Lab 2b: Model selection#

Dark matter#

We’ll use the MAGIC telescope dataset (http://www.openml.org/d/1120). The task is to classifying gamma rays, which consist of high-energy particles. When they hit our atmosphere, they produce chain reactions of other particles called ‘showers’. However, similar showers are also produced by other particles (hadrons). We want to be able to detect which ones originate from gamma rays and which ones come from background radiation. To do this, the observed shower patterns are observed and converted into 10 numeric features. You need to detect whether these are gamma rays or background radiation. This is a key aspect of research into dark matter, which is believed to generate such gamma rays. If we can detect where they occur, we can build a map of the origins of gamma radiation, and locate where dark matter may occur in the observed universe. However, we’ll first need to accurately detect these gamma rays first.

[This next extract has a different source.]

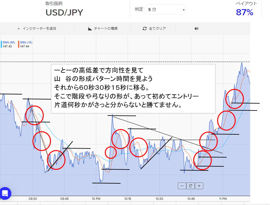 分殺エントリー チャートの本体部分にシンクロさせるエントリー方式 最初に一般チャートを見ます。 何かかしらのブレイク、または、平均線のパーフェクトオーダー ボリンジャーバンドのバンドウォーク待ちます。 これは2分連続の可能性の高い相場を待つということです。陽陽 陰陰となりそうな感じじゃないと勝てないからです。 不利なロウソク(でかすぎる物・順行の長いヒゲ)なら次はパスします。 ![]() ここでは押し目からの戻りの次を1分エントリーと3分のダブルエントリーをします。 トレンドの流れの手法なので、エリオット波動があり、二番目の山までにします。または前回トレンドが見えている時は、全戻しとして開始地点の80%までにします。 考え方はいろいろあってこの場合は上昇なので陽線出現率が高いので陽線が出たら次の1分をエントリー 陰線の場合は、休みできちんと00秒かマイナス100秒エントリーします。 ![]() ![]() 00秒で毎分エントリーします。 臨機応変 チャートは15秒、30秒、60秒3分、5分だけではないので、HIGHLOWでもいいので下記の秒殺エントリーのシナリオ つまりジグザグ、階段・弓なりゲレンデの形が出たらそこでそのエントリー HIGHLOWでもいいです綺麗なジグザグでエッジでエントリーできます。 ![]() タイミングエントリー ![]() 3分・60秒・30秒では綺麗なジグザグ・階段・弓なりゲレンデの形が見えなかった。よって15秒を選択 赤矢印がエントリー2秒遅れたら命取りでここからは、ボハイローボタンの上にマウスをもってきて集中 一トレンドで2勝したら止めましょう。 ![]() 相場には波があります。 おいしい波・おいしそうに見える波・まずい波・痛い波 バイナリは高いか安いかを決めるので、方向性を含めた波動パターンで決まります。 15秒や30秒と1分 3分5分とではそれぞれ勝ちパターンが違います。しかしその時間時間で最適な流れが必要です。 いきなり15秒や30秒でバンバン勝ちまくりーーというYOUTUBEをたくさん見ますが、確かに手法は素晴らしいと思います。 基礎を学んでやるのは良いが基礎がないと追いかけて反発をくらい、負けます。 勝てそうな相場は向かって言っても変わってはくれませんので待っているしかなくまるでスナイパーの様です。 全体の波動認識 水平線ブレイクが起きるとNИブレイクが起きてくるもんです。 全体のチャートを見て上層、中層、下層に分類する。上位の15分足・5分足でなんとなくで良いので観察 1分足を見て方向性を見ます。 天井・底になるとレンジがでます。 これはもう限界だよと思って控える人や利食いする人 もうちょっとなら行けると思う人 が交差するから 通常のトレンドでも同じようなことが起きるが、 一部の人の現象で限定的 これを押し目とそこからの戻り順行 戻り目とそこから戻りの順行 ここを狙う人は勝率もよく負けない 確かに天井や底で狙って当たれば大きいが、その部分は不安定で悩むことが大きく体に良くない 多少の押し目戻り目があるが、中層こそトレンドが勝利の相場でお薦めします。 バイナリでは、人それぞれなんですがうまい人ほど危険な場所ではエントリーしないもんです。 なお相場は常に動いていますので、層はその時その時で変わるので大きなトレンドが終わったら一旦上位足でチェックしてみてください。 全体的に上昇方向なら、天井圏でレンジ揉み合いになってさらに上に行くこともあるんだと分かるはず トレンドラインも引いてください。 ずうっと1分足では見ない。1時間に一回位チェックしましょう。 ![]() 全体を見ろと教科書に書いてあります。確かに見ますが、意識しないと価格の上限下限と上がってるか下がっているかくらいしか分からないです。 漠然とみてはいけません。 トレンド探しは水平線で トレンド発生は、天井や底付近 少なくも1日分は見てください。 水平線を当てて反発するところを探します。この時はトレンドラインはあってもなくも良いです。 自分のエントリースタイルは、最初は1つに決めてください。うまくなれたらそれでも2通りです。 それ以上はインジケーターなどプログラム化すればいいですが相当な勉強が必要で勉強中はトレードできないでしょう。プログラマー スタイルによっては、そこが逆張りのバイナリチャンスとなるし、順張りの方は、肩抜けまで我慢してトレンドがでるのを待ちます。 以後押し目からの順行を狙います この水平線の引き方がセンスでこれで勝負は決まったようなもんだと思うくらいです。 よく環境認識と言われ、水平線をうまく当てるのが決まっていなくセンスです。 他の参加者の動向を読む。今は勝てそうなのか、だめならどののようにダメか自分で考えましょう。 終わったチャートもおよその波動は見て水平線を引いてください。 ただ待つんじゃなく漠然でいいので予測期待して待つことが大事です。 逆張りだろうが順張りだろうが、勝てる場所は方向性のある場所となり長くなればトレンドです。誰がみてもわかります

A quick visualization of the features is shown below. Note that this is not a time series, we just plot the instances in the order they occur in the dataset. The first 12500 or so are examples of signal (gamma), the final 6700 or so are background (hadrons).

# Auto-setup when running on Google Colab
if 'google.colab' in str(get_ipython()):
    !pip install openml

# General imports
%matplotlib inline
import numpy as np
import pandas as pd
import matplotlib.pyplot as plt
import openml as oml
from matplotlib import cm
# Download MAGIC Telescope data from OpenML. You can repeat this analysis with any other OpenML classification dataset.
magic = oml.datasets.get_dataset(1120)
X, y, _, _ = magic.get_data(target=magic.default_target_attribute, dataset_format='array'); 
attribute_names = [f.name for i,f in magic.features.items()][:-1][1:]
# Quick visualization of the features (top) and the target (bottom)
magic_df = pd.DataFrame(X, columns=attribute_names)
magic_df.plot(figsize=(12,6))
# Also plot the target: 1 = background, 0 = gamma
pd.DataFrame(y).plot(figsize=(12,1));
../_images/0d1b5ca20ac7710980244b1df9b06961e39dde2422eef7575926b50b0aefe82f.png ../_images/d37d6c066c41916f18da1bdf468950a24a1898cdea99318cd900fbeb4fc0e57b.png

Exercise 1: Metrics#

Train and evaluate an SVM with RBF kernel (default hyperparameters) using a standard 25% holdout. Report the accuracy, precision, recall, F1 score, and area under the ROC curve (AUC).

Answer the following questions:

  • How many of the detected gamma rays are actually real gamma rays?

  • How many of all the gamma rays are we detecting?

  • How many false positives and false negatives occur?

Exercise 2: Preprocessing#

SVMs require scaling to perform well. For now, use the following code to scale the data (we’ll get back to this in the lab about preprocessing and pipelines). Repeat question 2 on the scaled data. Have the results improved?

from sklearn.preprocessing import StandardScaler
# Important here is to fit the scaler on the training data alone
# Then, use it to scale both the training set and test set
# This assumes that you named your training set X_train. Adapt if needed.
scaler = StandardScaler().fit(X_train)
Xs_train = scaler.transform(X_train)
Xs_test = scaler.transform(X_test)

Exercise 3: Hyperparameter optimization#

Use 50 iterations of random search to tune the \(C\) and \(gamma\) hyperparameters on the scaled training data. Vary both on a log scale (e.g. from 2^-12 to 2^12). Optimize on AUC and use 3 cross-validation (CV) folds for the inner CV to estimate performance. For the outer loop, just use the train-test split you used before (hence, no nested CV). Report the best hyperparameters and the corresponding AUC score. Is it better than the default? Finally, use them to evaluate the model on the held-out test set, for all 5 metrics we used before.

Extra challenge: plot the samples used by the random search (\(C\) vs \(gamma\))

Note: The reason we don’t use a nested CV just yet is because we would need to rebuild the scaled training and test set multiple times. This is tedious, unless we use pipelines, which we’ll cover in a future lab.

Exercise 4: Threshold calibration#

First, plot the Precision-Recall curve for the SVM using the default parameters on the scaled data. Then, calibrate the threshold to find a solution that yields better recall without sacrificing too much precision.

Exercise 5: Cost function#

Assume that a false negative is twice as bad (costly) than a false positive. I.e. we would rather waste time checking gamma ray sources that are not real, than missing an interesting gamma ray source. Use ROC analysis to find the optimal threshold under this assumption.

Finally, let the model make predictions using the optimal threshold and report all 5 scores. Is recall better now? Did we lose a lot of precision?